Fifty Shades of a Rainbow

Gun Violence vs. Terrorism: The Forest Among the Trees

50 confirmed dead. 53 injured. Many critically. Our Sunday world splashed with yet another mindless, blood curling act of depravity, this one a full fifty shades of the rainbow. Victims consisting the marginalised L.G.B.T. community, struggling for acceptance in over half the world, including my own, and divisive by virtue of their existence almost everywhere.

Instantly declared as an act of domestic terrorism, leading to a more comprehensive investigation, the mass shootings on 12th June 2016 at Orlando, Florida are another grim reminder of why humans and weapons don’t gel. Simply put, most of us don’t have the maturity to handle what comes with power.

While the senator of Florida, Mario Rubio was quick to focus on the Islamic credentials of the perpetrator, Omar Mateen, his native Florida upbringing was barely mentioned in passing. Why was America fixated on the terrorist angle alone as against the violent act this American so brazenly carried out by possessing firearms?!

Year after year, with tragic accuracy, the United States of America has played host to acts of violence of the worst kind. Worst because the victims are often the most powerless (children, teenagers & handicapped) and least connected to their perpetrators (mostly bystanders).

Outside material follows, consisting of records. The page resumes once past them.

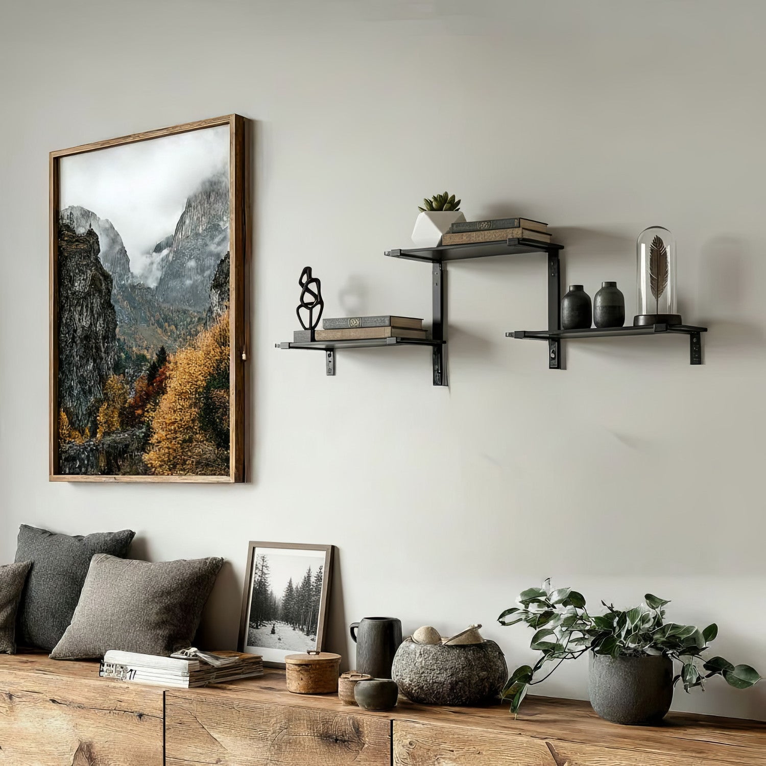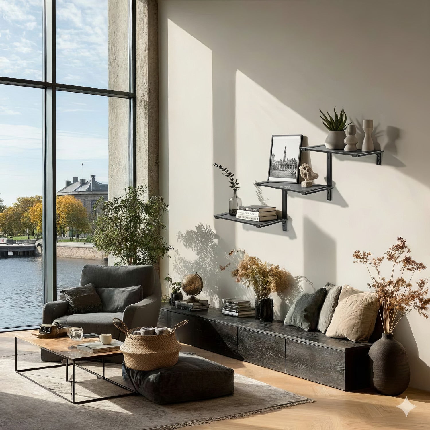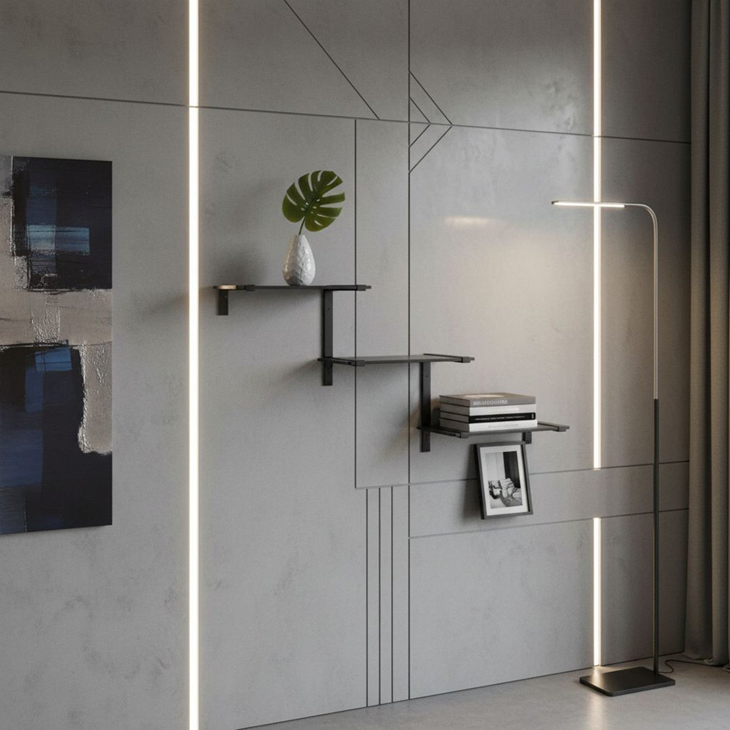 Modulární nástěnná police RTV trojitá 30 kg černá
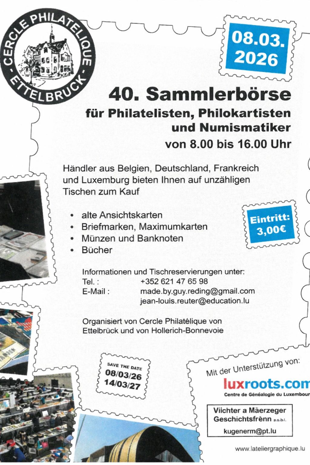 When? Sunday 08.03.202608:00 - 16:00 Collectors' Fair Where? 6, rue du Deich, L-9012 ETTELBRUCK Markets Collectors' FairLargest Luxembourg Collectors' Fair for Stamps, Post Cards, Banknotes, etc..©echo.luNext eventsSunday 08.03.202608:00 - 16:00
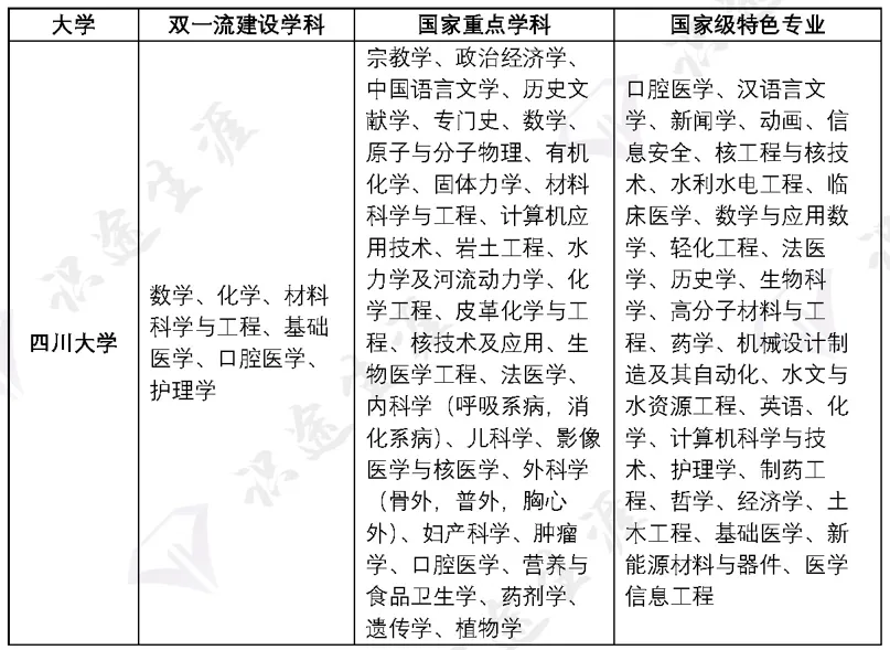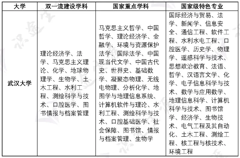 由于该校涉及双一流学科、国家重点学科、国家级特色专业过多,几乎涉及各个学科领域,在此不再列出。
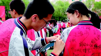 校服上签名留下纪念。
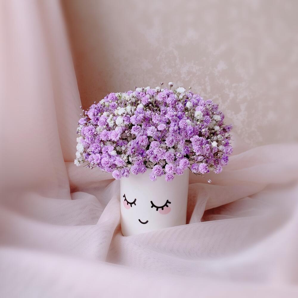 Фиолетовая гипсофила в керамическом кашпо
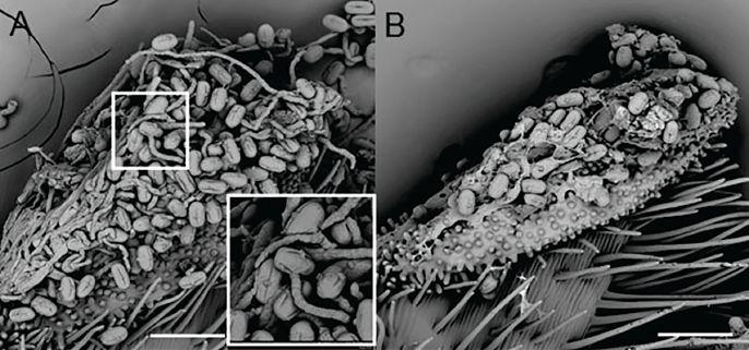 Pollen interaction with the pistil’s stigma region. High temperature resulted in fewer pollen grains on the stigma. Left: CDC Sage, 24/18 C day/night temperature. Right: CDC Sage, 35/18 C day/night temperature for five days. Scale bar = 100 µm.
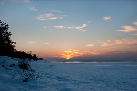 Beautiful sunset over the snowy sea on a frosty weather. Icy boulders along the shore.
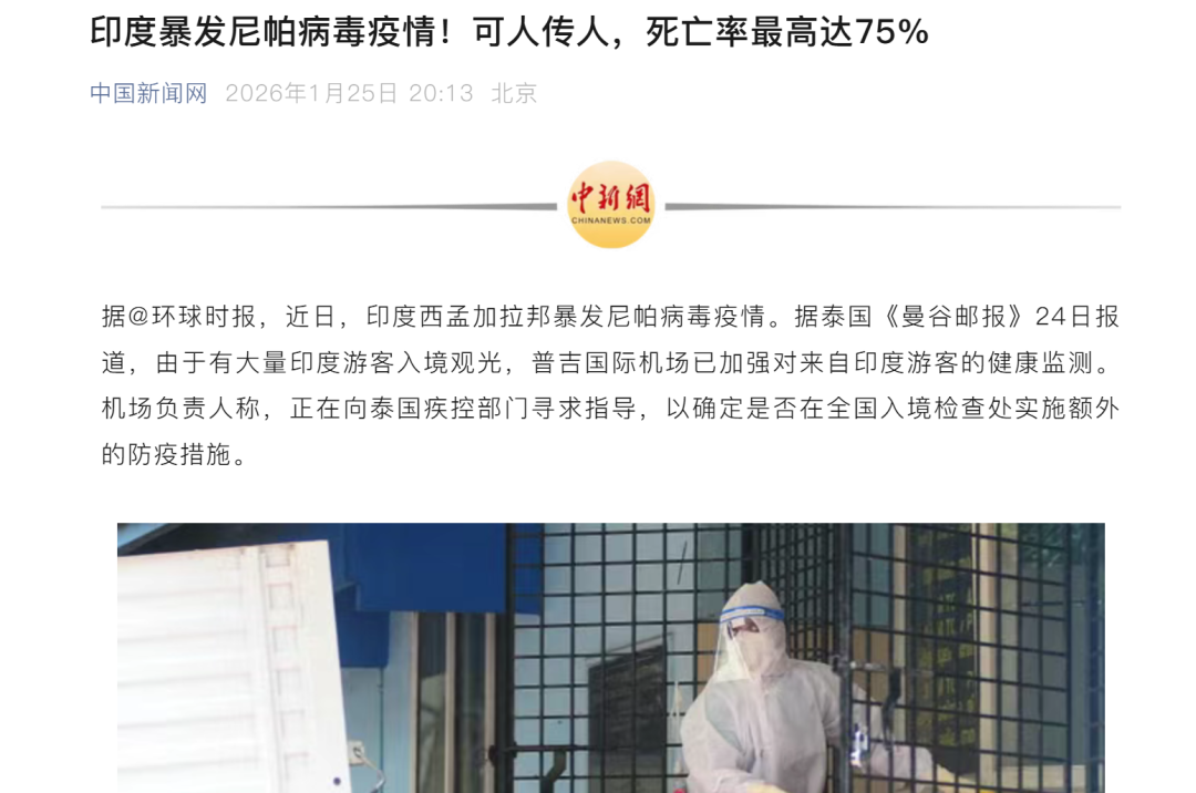 中国新闻网发布,据@环球时报,近日,印度西孟加拉邦暴发尼帕病毒疫情。据泰国《曼谷邮报》24日报道,由于有大量印度游客入境观光,普吉国际机场已加强对来自印度游客的健康监测。
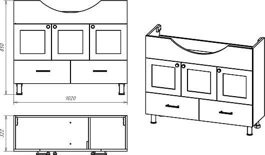- Габариты корпуса тумбы (ШxГxВ): 1050x330x850 мм.
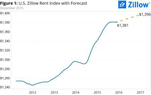 据《财政时报》(The Fiscal Times)和雅虎新闻报道,经过几年的不断上升,美国整体房租价格将在2016年稳定下来。Zillow的一项新预测显示,今年的平均租金价格将小幅攀升至1,396元,比2015年1,381元上涨1%。
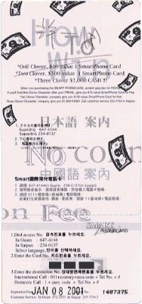 テレホンカードには期限があるから滞在中に使い切ったほうが良いですね、また、このカードを使っても島内電話の料金は別途掛ます。ホテルにもよりますが、0から0.8ドル/回です(1回の通話料金は通話時間とは関係ありません、ホテルで設定している基本料金だけです) このカードを使い(日本に1回の通話で)10〜30分位掛けたとして、料金は・・・島内通話1回分だけです (もちろん、テレホンカードの通話できる時間はその分だけ減りますが、終わりになるまで使えます) 日本への掛け方(03-5432-0001へ電話する場合) @外線への発信番号を押す A発信音を確認し 234-0137 をダイヤルする Bアナウンスが出るので指示に従って 2 (日本語を選択)を押す C(番号を隠してある銀色の部分をあらかじめ削って数字を出しておき) その数字を順にダイヤルをし # を押す D次にアナウンスが聞こえ“あなたの電話番号をダイヤルしてください”と言ったら 011-81-3-5432-0001 とダイヤルをし#を押す Eアナウンスで通話度数の連絡の後、コール音が聞こえ(03-5432-0001)に繋がります よくわからない場合は、レストランで聞いてください。 | |
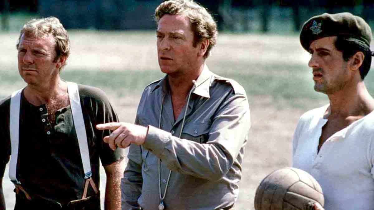 Nuevamente, el bien luchando contra el mal, algo recurrente en la vida y que estamos viviendo actualmente en el moribundo balompié español. Caine dirigió a un fabuloso equipo formado entre otros por su amigo el gran Pelé, Osvaldo Ardiles, Bobby Moore, Van Himst, John Wark (todos ellos futbolistas que fueron muy notables), acompañados en la portería por el torpe y entrañable guardameta Sylvester Stallone. El equipo alemán estaba capitaneado por el jugador del New York Cosmos Werner Roth.

The Columbine High School Massacre, Red Lake Senior High School, Virginia Tech Shooting, Sandy Hook Elementary School Shooting, Binghampton Shootings, Fort Hood Massacre, Aurora Theatre Shooting, Charleston Church shootings, San Bernardino shootings… the list is unabated.

America suffers from a deep-rooted culture of gun and arms related violence that needs deep investigation and anthropological introspection in order to find a solution. A simple search on Wikipedia[1] lists as many as over 430 incidents related to school shootings alone. 38 of these incidents occurred before 1900, 51 before WWII, 108 between between 1940–1990, 61 between 1990–2000, and a whopping 176 in the digital age, from 2000 till until now. Add to this list acts of violence at malls, theatres, community centres, streets & nightclubs and one is staring at over 500 such reported incidents! A handful of these are acts of terrorism. Each and every act, without exception, is an act of violence borne from possessing a gun

As the US transitioned from the recessionary and war strewn 30’s-60’s, into the flower power 70s and beyond, there was a visible shift in victims of gun violence; from families and felony related shootings to mass shootings of just about anyone! Simply put, there was almost no logic to why someone killed someone. They just did and as a victim, you just happened to be at the wrong place at the wrong time.

As gun related violence has gone up, so has the debate for and against guns. The Democrats, particularly President Obama have time and again called for more stringent gun control as a measure to stem violence. The Republicans and proponents of guns call for greater and easier access to guns as a deterrent. This doesn’t make sense. The USA already has the highest ratio of guns to citizens at 90 per 100[2]! Almost a third of all firearms owned by people across the world are in the US alone. The solution here isn’t providing more guns; rather it is solving the problem of having too many guns.

At times, a case is made for the mental condition of those responsible for mass shootings. This is largely true. Of 67 shooters in the last 30+ years, 65 had mental issues[3]. Worryingly 55 obtained firearms legally. This points to a systemic vacuum in controlling who has access to guns and who does not. Owning a gun cannot be a right; it must be a privilege. Just as respecting an individual cannot be a privilege; it must be our duty.

The next few days will reveal how deep an act of terrorism the Orlando mass shootings were. But we already know that its’ the most vicious act in America’s (statistically) well distributed history of gun violence. Until one doesn’t see the forest among the trees, a solution to this cultural malaise will be hard to come by.